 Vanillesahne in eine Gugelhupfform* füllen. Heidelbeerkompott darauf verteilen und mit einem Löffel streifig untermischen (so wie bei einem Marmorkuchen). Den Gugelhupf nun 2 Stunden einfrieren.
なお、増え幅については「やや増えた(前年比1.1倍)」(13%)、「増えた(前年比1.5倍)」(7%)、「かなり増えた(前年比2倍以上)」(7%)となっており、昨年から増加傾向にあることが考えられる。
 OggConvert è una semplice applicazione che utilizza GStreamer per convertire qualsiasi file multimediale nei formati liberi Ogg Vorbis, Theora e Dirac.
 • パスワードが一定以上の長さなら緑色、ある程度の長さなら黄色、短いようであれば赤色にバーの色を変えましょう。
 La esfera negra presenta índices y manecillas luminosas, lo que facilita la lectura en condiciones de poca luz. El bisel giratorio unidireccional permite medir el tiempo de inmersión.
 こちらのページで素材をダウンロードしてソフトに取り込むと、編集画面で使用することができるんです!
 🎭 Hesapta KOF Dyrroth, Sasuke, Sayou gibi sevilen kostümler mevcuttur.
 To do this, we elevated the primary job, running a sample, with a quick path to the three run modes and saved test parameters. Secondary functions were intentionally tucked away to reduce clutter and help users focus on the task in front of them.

━━━

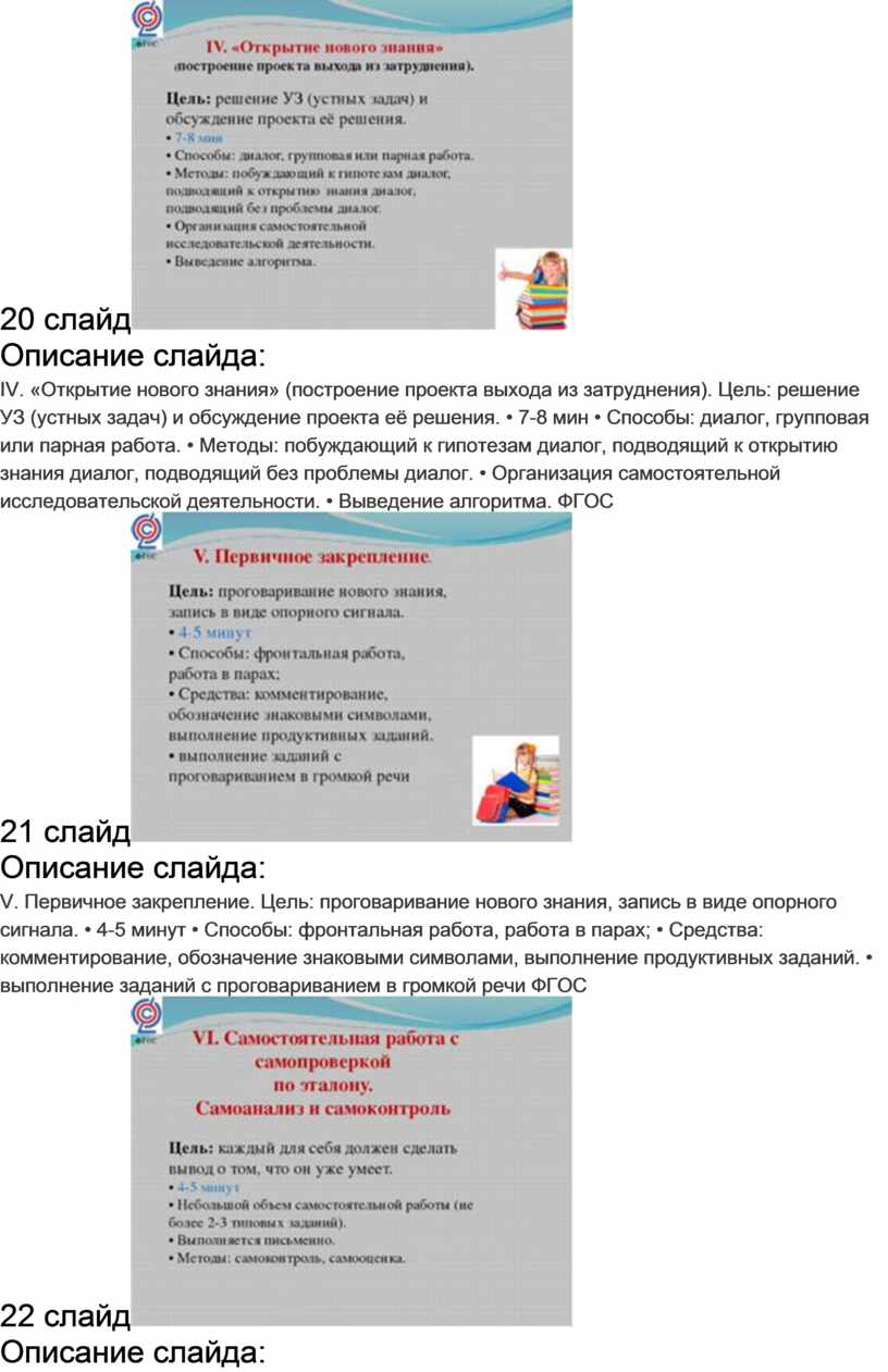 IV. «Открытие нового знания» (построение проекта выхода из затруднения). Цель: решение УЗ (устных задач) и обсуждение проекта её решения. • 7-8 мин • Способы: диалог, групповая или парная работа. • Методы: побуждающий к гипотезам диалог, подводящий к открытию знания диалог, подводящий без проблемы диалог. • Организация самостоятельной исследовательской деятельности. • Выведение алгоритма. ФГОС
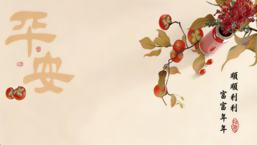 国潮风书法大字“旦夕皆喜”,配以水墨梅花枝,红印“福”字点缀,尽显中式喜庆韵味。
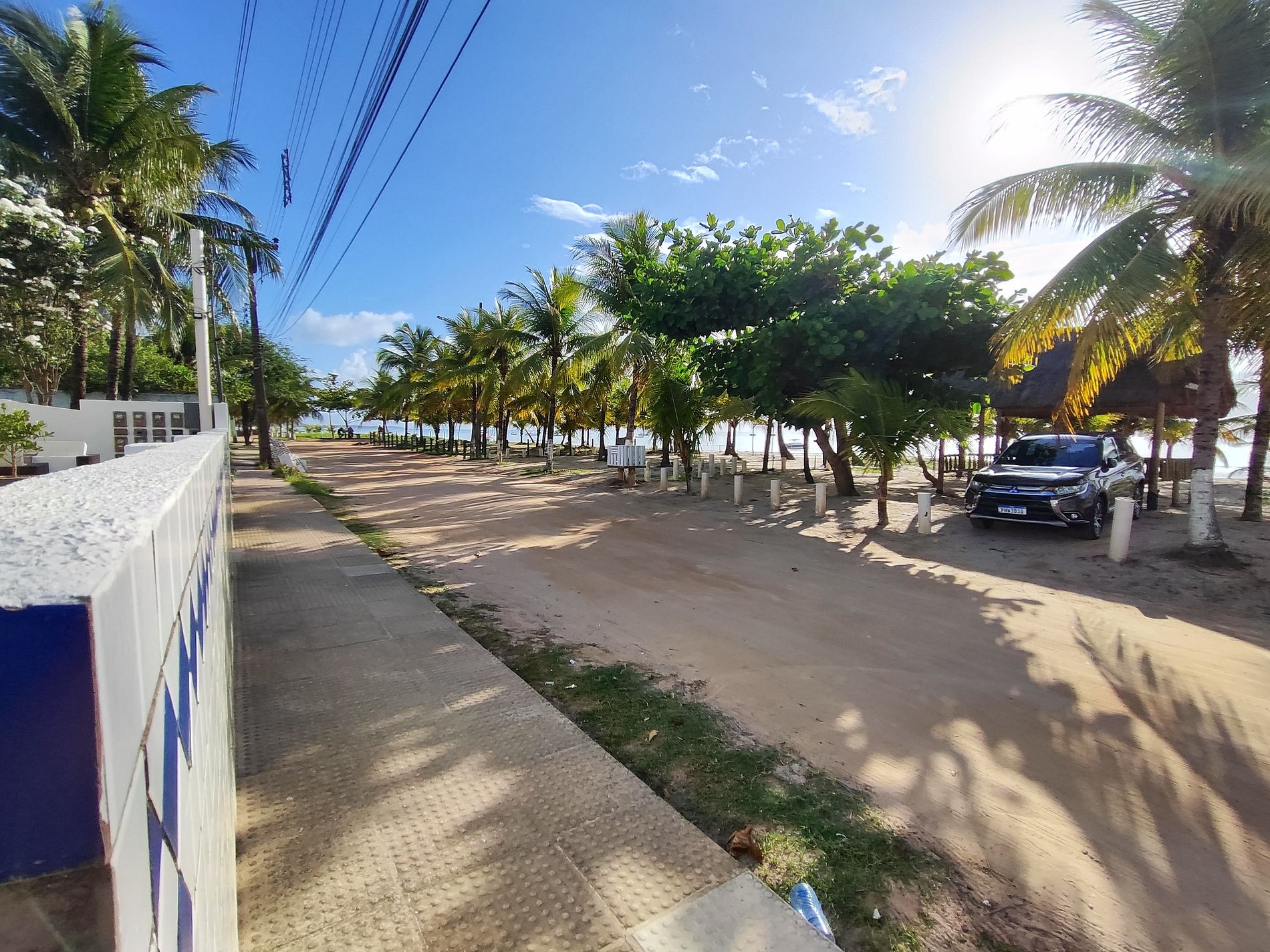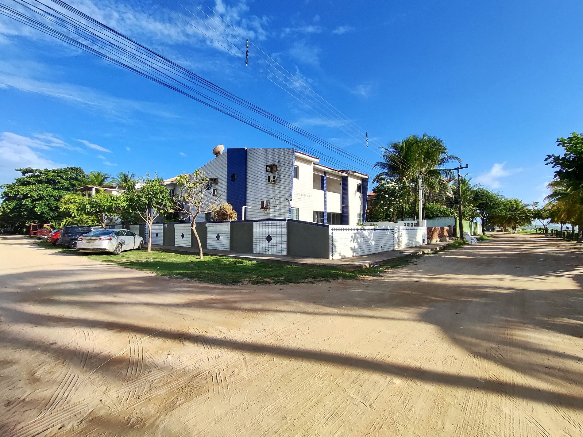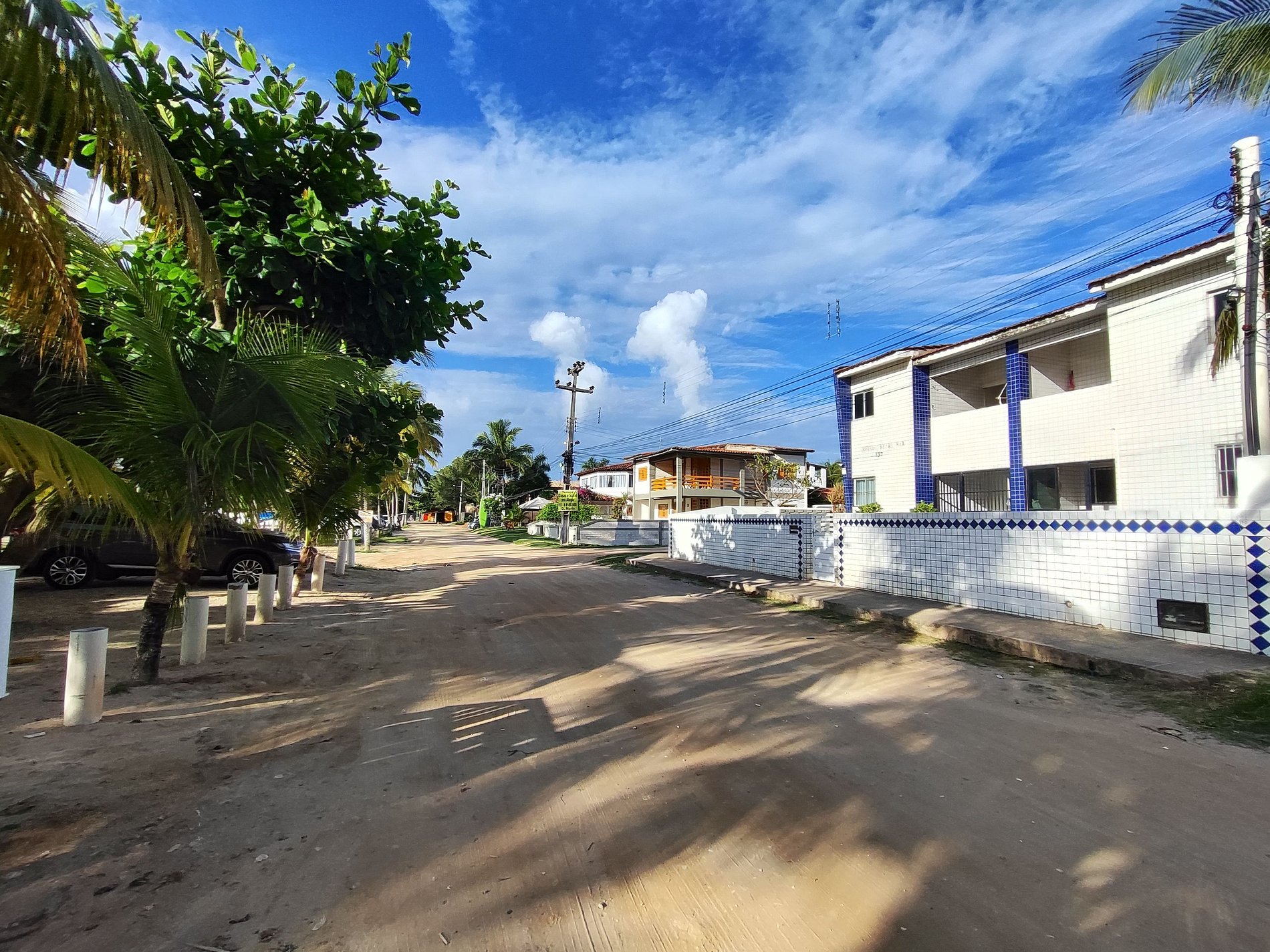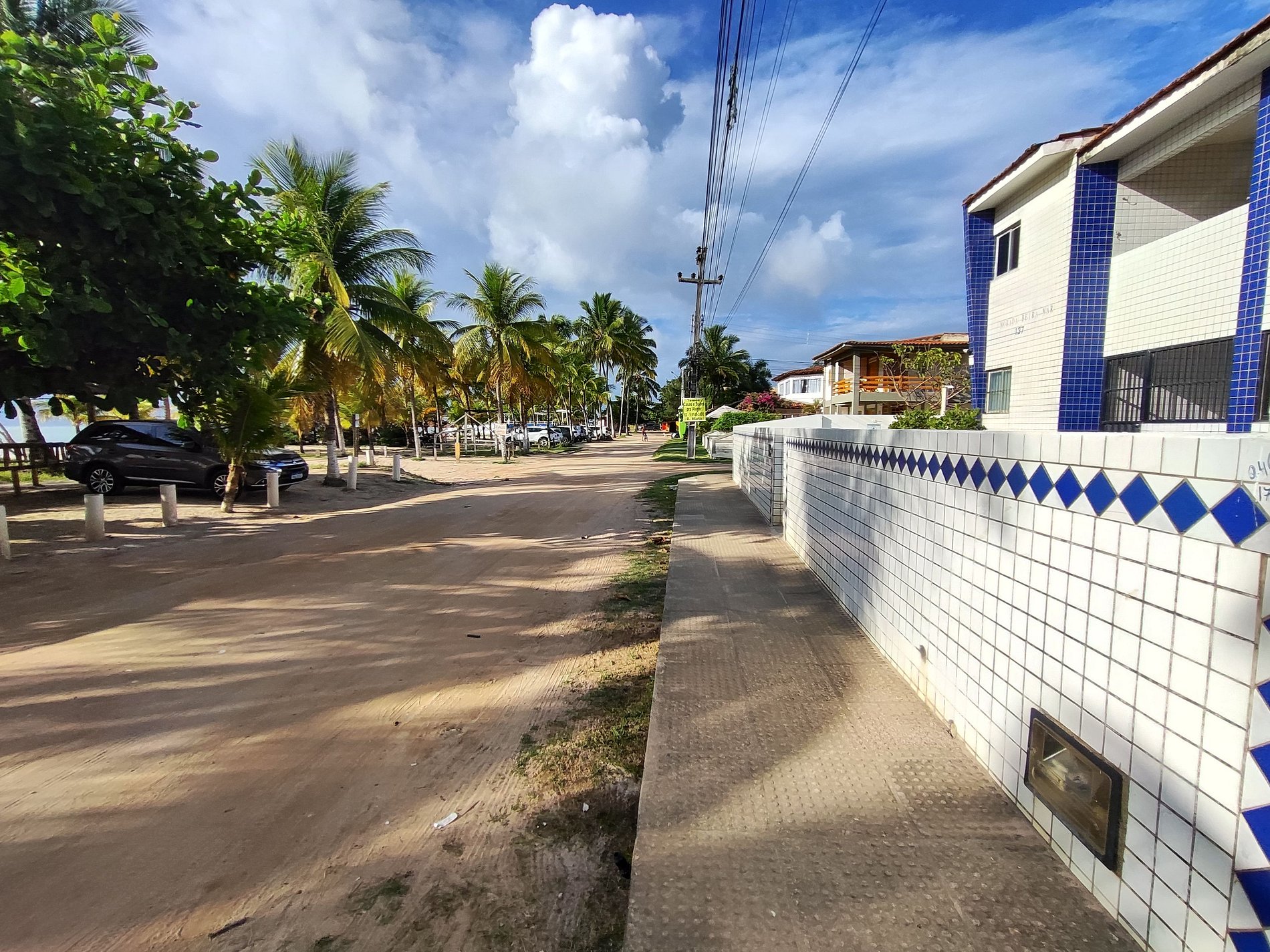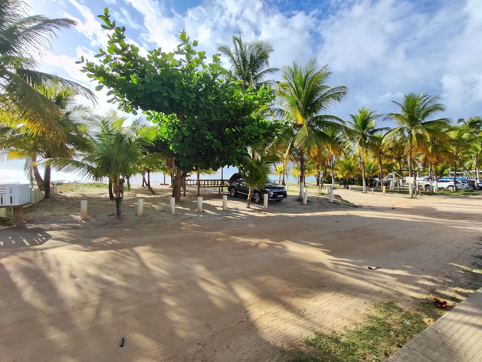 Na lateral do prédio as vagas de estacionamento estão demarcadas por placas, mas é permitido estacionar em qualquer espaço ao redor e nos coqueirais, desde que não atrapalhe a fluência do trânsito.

━━━

◆ The task ◆
Reproduce, exactly as they stand in the data above, the lines from the one that holds "こちらのページで素材をダウン" to the one that holds "To do this, we", inclusive.

◆ The answer ◆
 こちらのページで素材をダウンロードしてソフトに取り込むと、編集画面で使用することができるんです!
 🎭 Hesapta KOF Dyrroth, Sasuke, Sayou gibi sevilen kostümler mevcuttur.
 To do this, we elevated the primary job, running a sample, with a quick path to the three run modes and saved test parameters. Secondary functions were intentionally tucked away to reduce clutter and help users focus on the task in front of them.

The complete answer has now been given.